Source data -
· · · ·

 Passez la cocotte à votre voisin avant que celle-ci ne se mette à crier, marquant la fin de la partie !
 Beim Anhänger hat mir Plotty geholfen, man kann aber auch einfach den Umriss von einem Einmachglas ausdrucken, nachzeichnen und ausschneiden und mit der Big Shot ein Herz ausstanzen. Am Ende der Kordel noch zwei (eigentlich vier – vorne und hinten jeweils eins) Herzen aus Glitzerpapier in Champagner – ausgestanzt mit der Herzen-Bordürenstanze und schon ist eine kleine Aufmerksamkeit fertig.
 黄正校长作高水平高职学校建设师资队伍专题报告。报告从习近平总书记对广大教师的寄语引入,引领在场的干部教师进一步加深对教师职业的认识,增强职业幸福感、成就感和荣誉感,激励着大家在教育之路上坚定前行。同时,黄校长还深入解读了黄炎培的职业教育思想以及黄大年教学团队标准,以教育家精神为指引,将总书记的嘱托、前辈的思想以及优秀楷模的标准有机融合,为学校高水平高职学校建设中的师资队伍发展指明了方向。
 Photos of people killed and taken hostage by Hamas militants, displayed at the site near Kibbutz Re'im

· · · ·

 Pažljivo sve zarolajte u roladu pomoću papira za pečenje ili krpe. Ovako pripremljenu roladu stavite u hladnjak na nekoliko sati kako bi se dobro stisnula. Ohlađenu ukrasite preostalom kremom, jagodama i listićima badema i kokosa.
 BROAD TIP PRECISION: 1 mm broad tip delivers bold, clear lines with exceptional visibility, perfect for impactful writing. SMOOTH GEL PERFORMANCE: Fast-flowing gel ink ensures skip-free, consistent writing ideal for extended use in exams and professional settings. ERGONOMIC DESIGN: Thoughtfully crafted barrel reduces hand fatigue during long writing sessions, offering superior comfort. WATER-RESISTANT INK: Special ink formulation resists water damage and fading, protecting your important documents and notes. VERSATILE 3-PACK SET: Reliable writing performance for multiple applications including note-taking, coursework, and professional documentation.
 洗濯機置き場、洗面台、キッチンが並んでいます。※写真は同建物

· · · ·

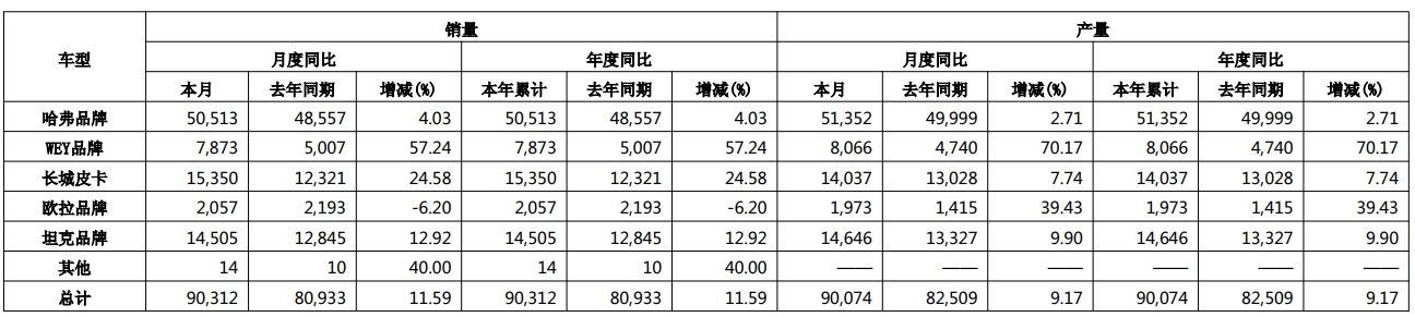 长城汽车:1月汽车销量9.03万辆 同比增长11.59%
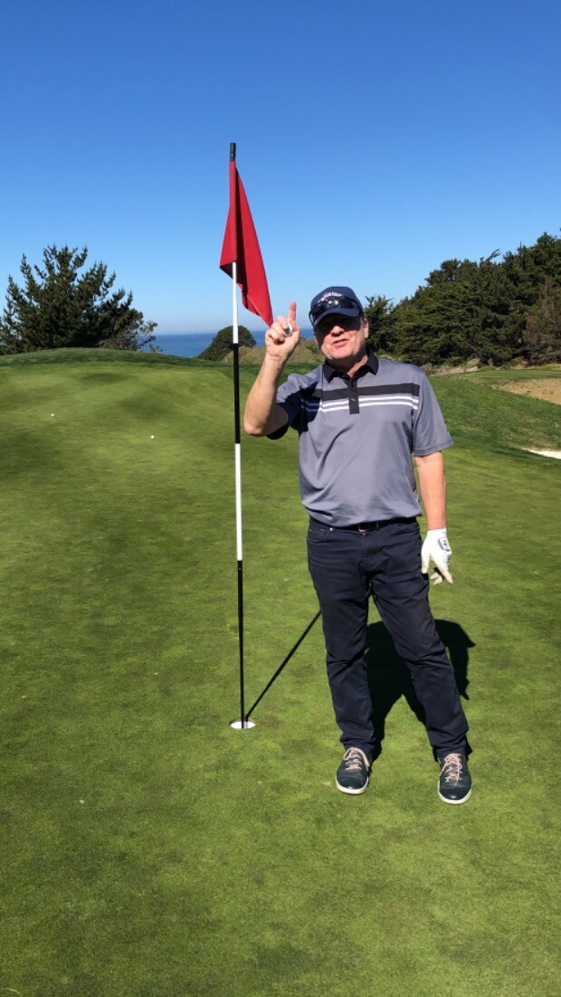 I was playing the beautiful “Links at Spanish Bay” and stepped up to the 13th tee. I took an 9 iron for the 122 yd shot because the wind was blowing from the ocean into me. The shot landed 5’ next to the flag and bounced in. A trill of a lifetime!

· · · ·

Task goal -
Your task is to copy only the lines above starting at the one containing "长城汽车:1月汽车销量9.03万辆 同比增长11.59%" and ending at the one containing "I was playing". Copy them exactly, both ends included, and omit the pictures.

Answer to this problem -
 长城汽车:1月汽车销量9.03万辆 同比增长11.59%
 I was playing the beautiful “Links at Spanish Bay” and stepped up to the 13th tee. I took an 9 iron for the 122 yd shot because the wind was blowing from the ocean into me. The shot landed 5’ next to the flag and bounced in. A trill of a lifetime!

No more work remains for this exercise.